This lecture series introduces a generalized framework for financial market modeling: the benchmark approach. It develops a unified treatment of derivative pricing, portfolio optimization, and risk management without assuming the existence of equivalent risk-neutral probability measures. The benchmark approach compatibly extends beyond the domain of classical asset pricing theories with significant implications for longer dated products, stochastic discount factors, and risk measures. A new Law of the Minimal Price, which generalizes the familiar Law of One Price, provides a revised foundation for derivative pricing. A Diversification Theorem justifies developing a simpler proxy for the full-blown numeraire portfolio.

The benchmark approach augments earlier financial modeling frameworks to enable tractable yet realistic market models encompassing equity indices, exchange rates, equities, and the interest rate term structure to be developed based solely upon the real world probability measure.
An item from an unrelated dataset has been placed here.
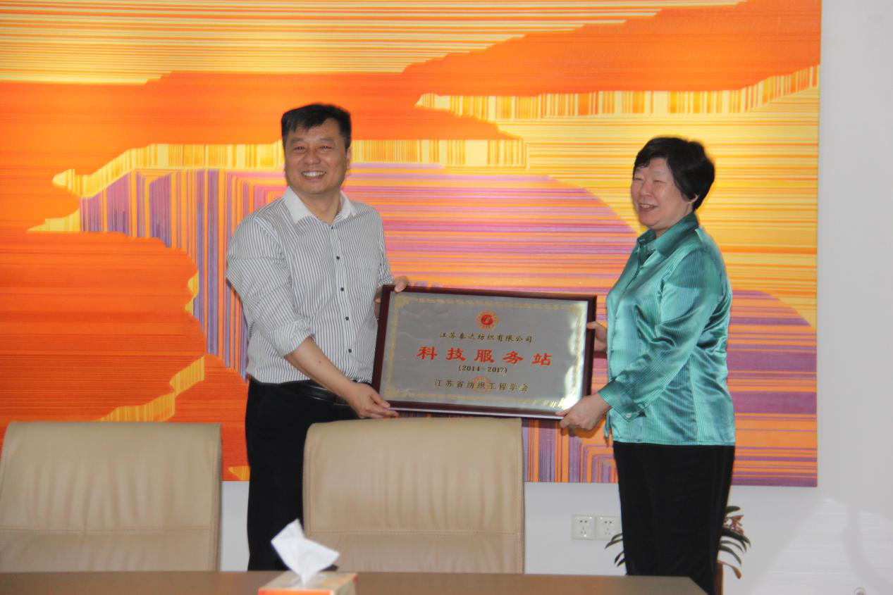 省紡織工程學(xué)會(huì)授給江蘇泰達(dá)紡織“科技服務(wù)站”牌匾

The lecture series carefully explains how the benchmark approach differs from the classical risk-neutral approach. Examples will be presented, using long term and extreme maturity derivatives, to demonstrate the important fact that, in reality, a range of contracts can be less expensively priced and hedged than is suggested by classical theory.

The lecture series is based on the book co-authored by Eckhard Platen and David Heath, A Benchmark Approach to Quantitative Finance (Springer Finance, 2006, ISBN 3-540-26212-1). The core ideas from this book will be presented and further expanded upon during the seminar, including:

· Basing financial modeling on the key concept of a numeraire portfolio;

· Deriving the Law of the Minimal Price;

· Approximating the numeraire portfolio via diversification;

· Consistent utility maximization and portfolio optimization;

· Pricing nonreplicable claims consistently with replicable claims;

· Pricing and hedging long term and extreme maturity contracts;